More from the EU-Russia-Ukraine gas meeting taking place in Berlin:
Ahead of the meeting, Ukrainian Energy Minister Yuriy Prodan said he hoped a compromise on a "fair market price for gas" would be reached during the meeting.
He said a price that can be found at "European hubs, on European markets."
More from Berlin gas talks: according to ITAR-TASS, Russia and the EU have "discussed, bilaterally, all planned issues for the settlement of Ukraine's debt and gas supplies."
The Russian news agency quotes Russian Energy Minister Aleksandr Novak as saying: "At the bilateral meting we discussed all issues concerning the settlement of debt and the need to ensure regular gas supplies and transit."
A new crack in Russia's ban of food imports in response to Western sanctions may be filled with cheese, Interfax reports:
Russia's Economic Development Ministry is not ruling out the possibility of currently banned cheeses and fermented milk products returning to the Russian market since lactose-free milk has been removed from the sanctions list.
"The likelihood exists of renewing shipments of milk products from countries that fell under the food embargo," the Economic Development Ministry said in its social and economic development forecast for Russia in 2015-2017. The ministry added that this move might occur in connection with the removal of lactose-free milk from the list.
According to experts, a number of dairy products, such as long-ripened cheeses, fermented milk products and others, have a low level of lactose, which does not create particular difficulties for foreign companies to reorient their facilities to produce, register and export dairy products to the Russian market as lactose-free, the Economic Development Ministry said.
In response to President Obama's remarks before the UN General Assembly on Wednesday, former Soviet leader Mikhail Gorbachev -- who has tried and failed to launch political parties on three occasions since he was pushed aside by Russian President Boris Yeltsin -- had this to say about the United States. (Obama listed Russian aggression alongside the outbreak of Ebola hemorrhagic fever in West Africa and the threat from Islamic State militants in the Middle East as the "tests of this moment.")
"We have one main virus: it's America and its leadership ambitions," Gorbachev told Russian radio, according to Interfax.
He added:
"It's not even political dialogue, it's badmouthing.

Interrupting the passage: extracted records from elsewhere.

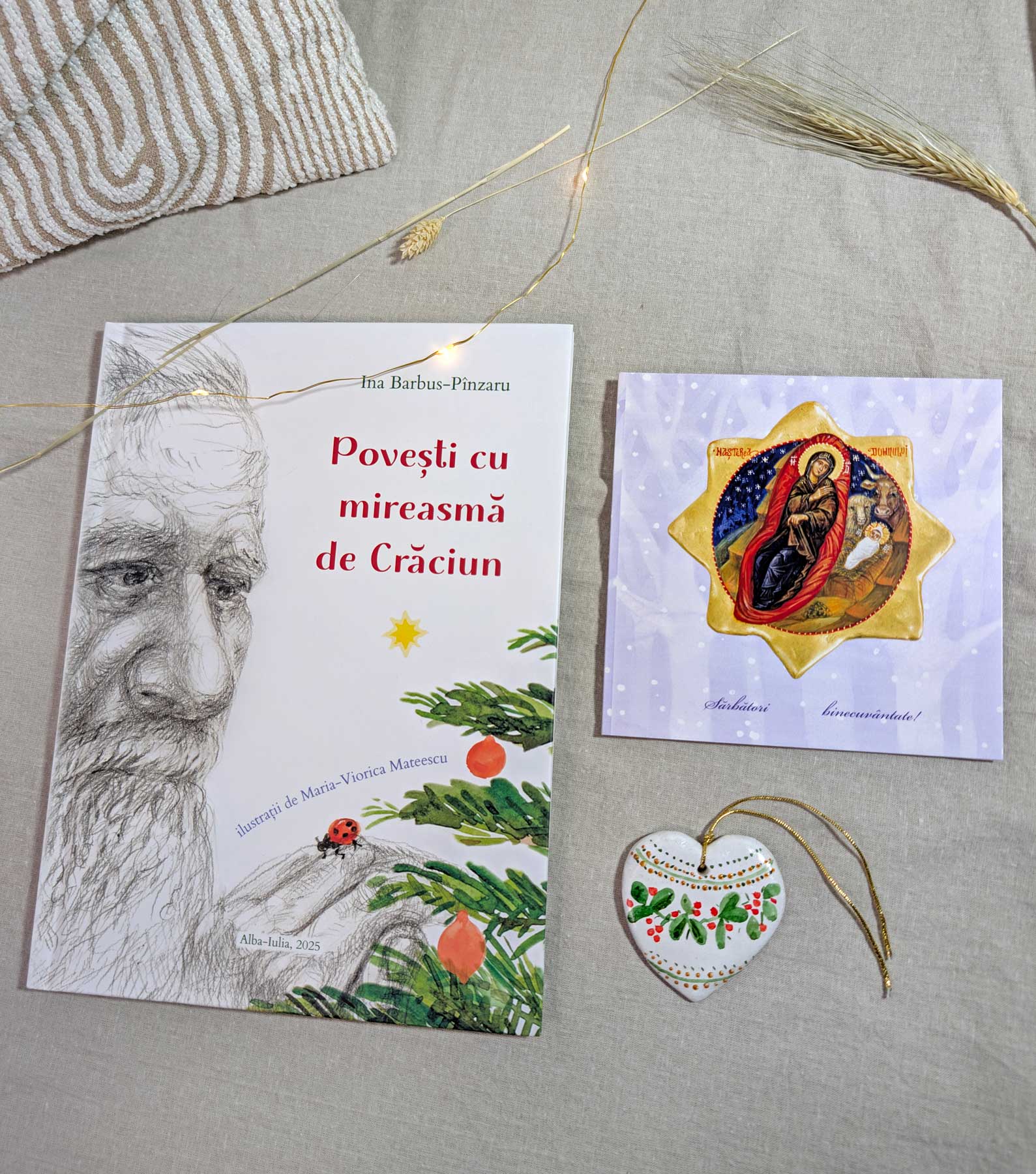 Set cadou pentru Crăciun ce conține: ocarte cu Povești cu mireasmă de Crăciun, o decorațiune în formă de inimă modelată, pictată și vernisată manual (modelul poate diferi) și o felicitare cu Nașterea Domnului.
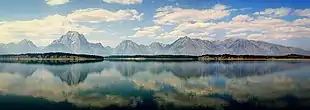 At its formation in 1929, Grand Teton National Park encompassed just six main lakes at the foot of the park's major peaks, but with the expansion of the park there are now 44 named lakes[1] within the boundary, and countless smaller unnamed lakes and ponds. The peaks were raised in relatively recent geological time and carved by glaciers in the ica age. Most of the lakes in the park were formed by glaciers, which carved out the valleys they sit in, and where glacial morraine formed the dams that created the lakes. The largest lakes are still found at the base of the Teton Range.[2] In the northern section of the park lies Jackson Lake, the largest lake in the park at 15 mi (24 km) in length, 5 mi (8.0 km) wide and 438 ft (134 m) deep.[3] Though Jackson Lake is natural, the Jackson Lake Dam was constructed at its outlet before the creation of the park, and the lake level was raised almost 40 ft (12 m) consequently.[4] East of the Jackson Lake Lodge lies Emma Matilda and Two Ocean Lakes. South of Jackson Lake, Leigh, Jenny, Bradley, Taggart and Phelps Lakes rest at the outlets of the canyons which lead into the Teton Range. Within the Teton Range, small alpine lakes in cirques are common, and there are more than 100 scattered throughout the high country.[5] Lake Solitude, located at an elevation of 9,035 ft (2,754 m), is in a cirque at the head of the North Fork of Cascade Canyon. Other high-altitude lakes can be found at over 10,000 ft (3,000 m) in elevation and a few, such as Icefloe Lake, remain ice-clogged for much of the year.[6] The park is not noted for large waterfalls; however, 100-foot-high (30 m) Hidden Falls just west of Jenny Lake is easy to reach after a short hike.[7]
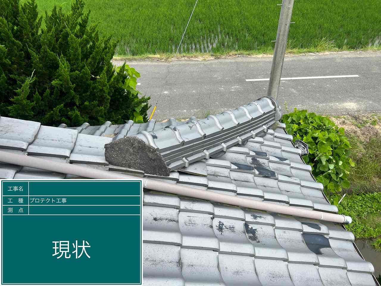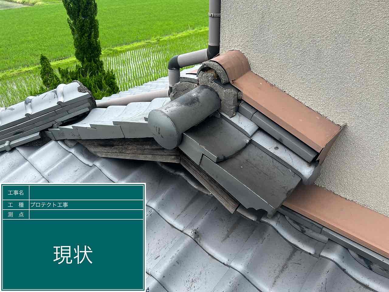 現在、雨漏りはしておりませんが、至る所の瓦がずれ落ちていたり、漆喰が劣化して剥がれている箇所が多数あったため、今回瓦の補修工事を行うこととなりました。
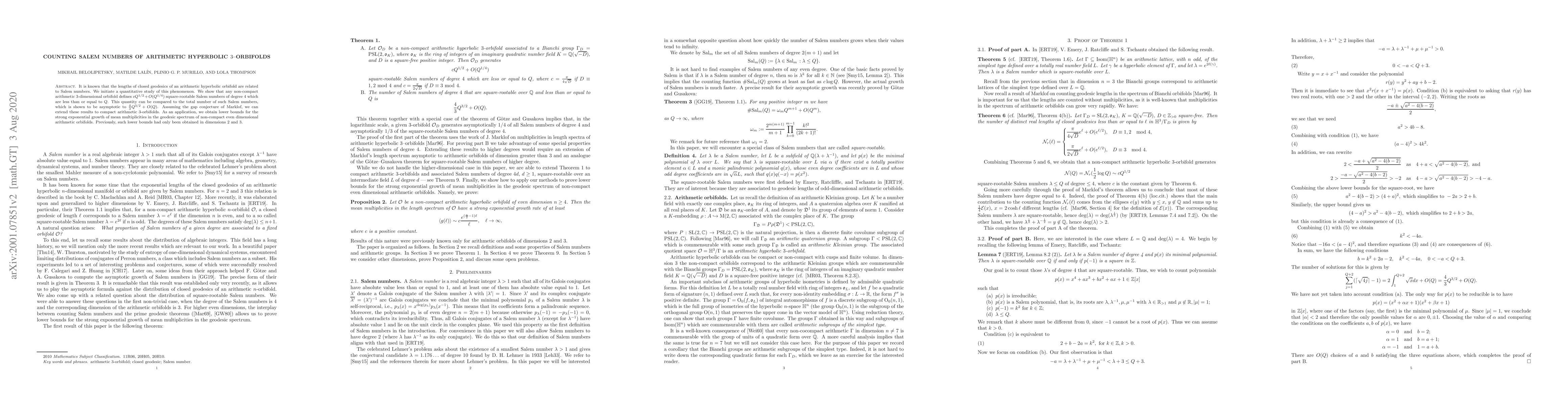 It is known that the lengths of closed geodesics of an arithmetic hyperbolic orbifold are related to Salem numbers. We initiate a quantitative study of this phenomenon. We show that any non-compact arithmetic $3$-dimensional orbifold defines $c Q^{1/2} + O(Q^{1/4})$ square-rootable Salem numbers of degree $4$ which are less than or equal to $Q$. This quantity can be compared to the total number of such Salem numbers, which is shown to be asymptotic to $\frac{4}{3}Q^{3/2}+O(Q)$. Assuming the gap conjecture of Marklof, we can extend these results to compact arithmetic $3$-orbifolds. As an application, we obtain lower bounds for the strong exponential growth of mean multiplicities in the geodesic spectrum of non-compact even dimensional arithmetic orbifolds. Previously, such lower bounds had only been obtained in dimensions $2$ and $3$.

They want to hurt and provoke, and the main thing is that the conflicts in Europe should continue. For this reason, they [the U.S.] have ambitions to have a monopoly. Ukraine and other things are just pretexts," Gorbachev said.
On a "new cold war," he said: "There is no cold war, but there are indications of it. We don't need a cold war. Such things last for decades and it's difficult for our citizens."
Via Interfax, which describes the "purpose" of the September 21 rally as "protest[ing] against violations of the Russian Constitution and norms of international law," thus avoiding any mention of the demonstrators' objection to Russian actions vis-a-vis Ukraine:
Forty-nine percent of Russians surveyed by Levada Center said they do not support the so-called "Peace March," a protest conducted by the opposition. Twenty-nine percent of the respondents said they support it and 23% are undecided.